Even if the government is “under no obligation to afford” a particular privilege or benefit to a citizen in the first place, “the imposition of such a condition upon even a gratuitous benefit inevitably deter[s] or discourage[s]the exercise of First Amendment rights of expression.”

“Even a gratuitous benefit” — that’s strong language. The Court then felt the need to repeat this same sentiment to conclude its discussion: “to condition the availability of benefits upon this appellant’s willingness to violate a cardinal principle of her religious faith effectively penalizes the free exercise of her constitutional liberties.”

I don’t know how much more emphatically the Supreme Court could make this point. Even if an activity is a mere “gratuitous” privilege or benefit, the government’s placement of a condition on that activity inconsistent with someone’s religious beliefs constitutes a substantial burden. This is because in America, pursuing free activities consistent with one’s beliefs is at the heart of the meaning of our “liberties of religion.” It is “too late in the day” to even propose otherwise.

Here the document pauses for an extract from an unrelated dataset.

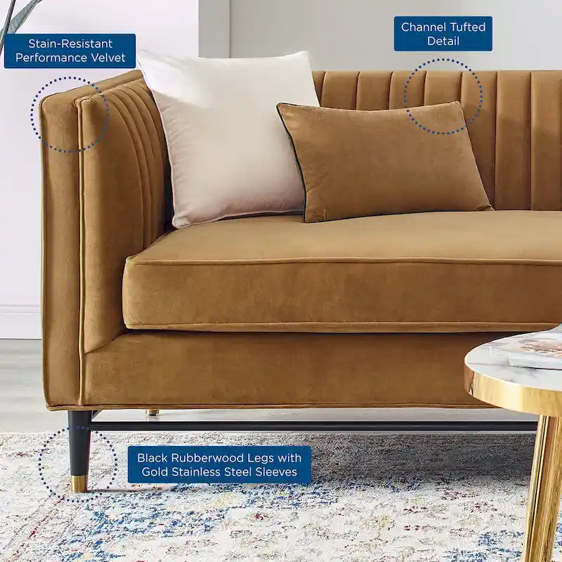 Introduci le linee fluide del divano Devote Channel Tufted Performance Velvet nell'arredamento del tuo soggiorno, camera da letto o ufficio. Con un tocco retrò alla classica trapuntatura, questo divano è arricchito da una trapuntatura a canali verticali che aggiunge profondità visiva e un tocco glamour in stile déco a qualsiasi spazio. Questo divano da soggiorno è rivestito in velluto tecnico antimacchia e imbottito in schiuma densa per un'esperienza di seduta di alta qualità. Realizzato con cura, questo divano poggia su gambe in legno di caucciù nero con inserti in acciaio inossidabile dorato che aggiungono un tocco di sobrietà. Include piedini antitraccia. Montaggio richiesto. Capacità di carico del divano: 590 kg.

So in the abortion-pill mandate challenges, an employer’s action of providing insurance is — at minimum — a government-regulated privilege (especially under Obamacare). But the government is conditioning the exercise of that privilege on the willingness to violate one’s religious beliefs against providing drugs that may cause abortion, contraception, and sterilization in the insurance. Under Sherbert such a condition “inevitably” burdens Free Exercise Clause rights.

Lederman does not grapple with this language from Sherbert, but instead quotes a later case, Thomas v. Review Board. But Lederman feels the need to add his own emphasis in that quote. Lederman quotes Thomas in an attempt to say a benefit being conditioned on religion must be “important” (adding italics not found in the original case) or else the burden is not substantial. From this non-emphasized word, Lederman derives an even more forceful idea: that the government isn’t substantially burdening religion unless it is imposing the “virtual” equivalent of a “direct prohibition.” But Thomas cannot be read to negate Sherbert’s insistence that “even a gratuitous benefit” or privilege, if conditioned on religious exercise, is “inevitably” the cause of a substantial burden. When Sherbert insists that one’s ability to engage in the conditioned activity can be “gratuitous” and yet the activity is still substantially burdened, we cannot conclude that a “virtual prohibition” on the activity is necessary to constitute a substantial burden.

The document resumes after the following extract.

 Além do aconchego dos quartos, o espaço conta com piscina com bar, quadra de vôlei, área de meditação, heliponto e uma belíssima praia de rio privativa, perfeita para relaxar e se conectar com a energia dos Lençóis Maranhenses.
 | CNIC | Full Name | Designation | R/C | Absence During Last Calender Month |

No context in the Thomas opinion shows an intent to limit Sherbert on this question. To the contrary, Thomas was reemphasizing and even expanding on Sherbert’s holding. The entire point of Sherbert and Thomas is that direct prohibitions are not the only ways for a government to impose a substantial burden — the government can also do so merely by imposing indirect pressure. But Lederman would collapse the Sherbert line of cases into the “direct prohibition” category, and would also overturn Sherbert’s insistence that even “gratuitous” privileges suffer substantial burdens if they are conditioned against religious exercise. Lederman’s position makes one wonder how the plaintiffs in Sherbert and Thomas won their cases, since no law required them to work under religiously offensive conditions, or to work at all.

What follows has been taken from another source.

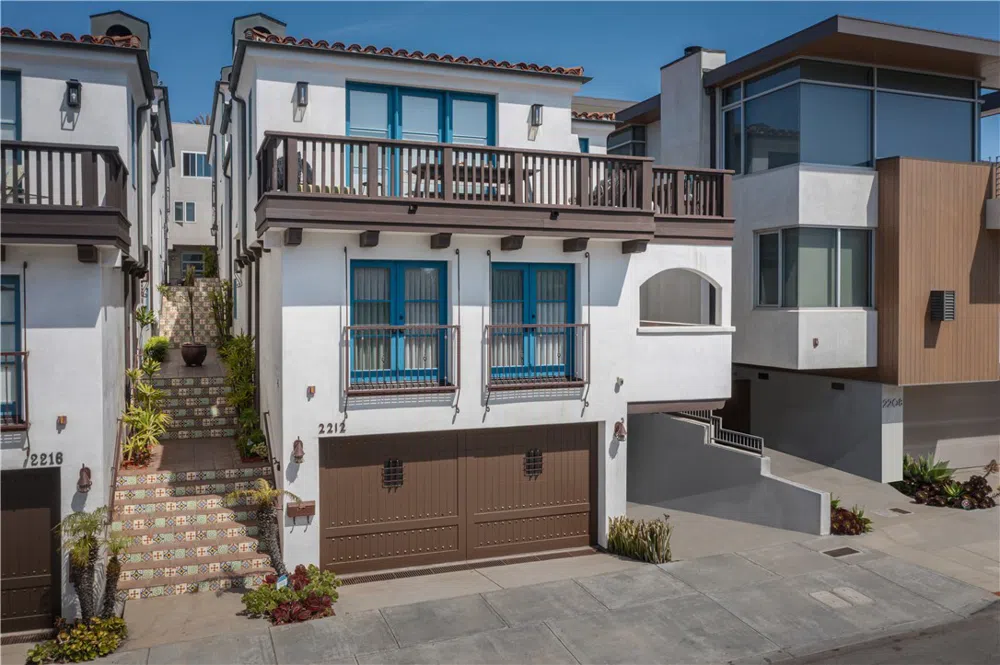 Indulge in coastal luxury at this exquisite Spanish-style townhouse, nestled in the desirable Sand Section of Manhattan Beach. Boasting four bedrooms (3 on one level) and three and a half baths within a spacious 2,600 square feet, this residence offers an unparalleled beachside experience. Revel in breathtaking ocean views from the expansive kitchen and living area on the top floor, and from the second floor primary suite and balcony. Ascend to the third floor and discover the heart of this Manhattan Beach gem, where a wrap-around balcony invites seamless indoor-outdoor living. The expansive, open-concept great room beautifully integrates the gourmet kitchen, dining and living areas, creating an ideal space for entertaining and relaxation. Tucked away under a charming Spanish archway, is an office nook and powder room. This level is designed for both grand entertaining and intimate moments, embodying the essence of sophisticated coastal living. The primary suite, along with two additional bedrooms, resides on the second level, providing a serene retreat. An en-suite 4th bedroom on the ground floor offers flexible living options. Enjoy rare Sand Section comforts; 3 car parking, central air, and a spacious laundry room. The primary bathroom is a spa-like sanctuary, featuring a dual-head tile shower and soaking tub. Elegant French doors open to a private patio on the street level, providing a private outdoor oasis, perfect for post surf/beach relaxing. Step outside to discover unique details like striking blue window frames that illuminate the crisp white facade. This residence blends classic architectural charm with modern elegance. Located a short block from the beach and a few blocks from Downtown MB, it is more than a home: It's a lifestyle.

It is hard to fathom how Lederman concludes that “there are no cases in which the Court found that indirect encouragements or disincentives created a cognizable burden.” Thomas could not have stated this more clearly: “While the compulsion may be indirect, the infringement upon free exercise is nonetheless substantial.” Such emphatic statements in both Thomas and Sherbert simply cannot be reconciled with Lederman’s position.

— Matt Bowman is senior legal counsel for Alliance Defending Freedom and represents Conestoga Wood Specialties in its pending Supreme Court challenge to the HHS mandate.